Life would be quieter without all these boys. Our sons seem to have two volume levels: loud and full-blast. That makes their choice of conversation topics sometimes unfortunate. Little boys find words like poop and pee and toilets hilarious. If we had more girls, these would hardly be regular topics of conversation and the cause of raucous laughter.


Our house would be neater and fewer things would be broken if we had more girls than boys. We have to remind our sons all the time that they are not to have light saber fights in the house. We also have to remind them to pick up all their toys. Currently we are having a problem with army men scattered throughout the kitchen and dining room.

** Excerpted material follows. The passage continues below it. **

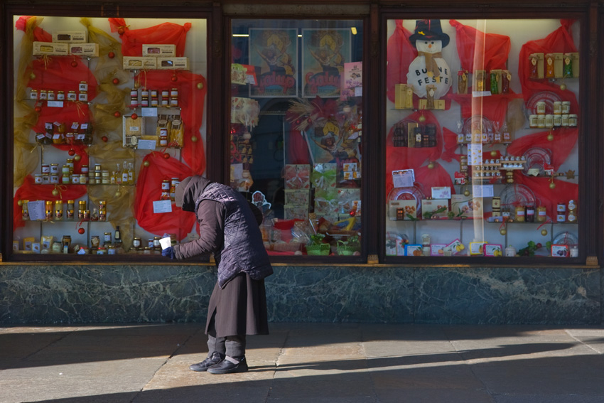 Una foto amp non banale di un soggetto altrimenti abusato. Basta il lampo bianco del bicchiere per raccontare la mendicità in opposizione alla vetrina delle Feste, mentre la persona ne resta esclusa anche cromaticamente.

On the other hand, I think it would be more difficult to have more girls than boys as they got older. Eventually, I would have four teenage girls. In such a case, our two bathrooms would not be adequate. I would likely have to resign myself to brushing my teeth out in the yard, holding a cup of water.

Girls would be more expensive. They need more healthcare and beauty products than boys do. For example, my older daughter has two bottles of shampoo and two bottles of conditioner for some reason. She also has a variety of soaps and washes. Conversely, my oldest son uses some product which acts as shampoo, conditioner, and moisturizing body wash all in one.

Girls seem to need more clothes and the accessories that go with them. It seems that just about every month my wife has to take Teresa out clothes shopping because she doesn’t have one of this or that item. My younger boys have worn or will wear almost all the clothes that their older brother has worn. My girls, because they have different builds, will wear almost nothing the same.

So what are we going to do? My wife and I have come up with a plan we think will work. We will see if there are any families who want to trade our boys for their girls for the next few years. When they hit the teenage years, we’ll take our boys back.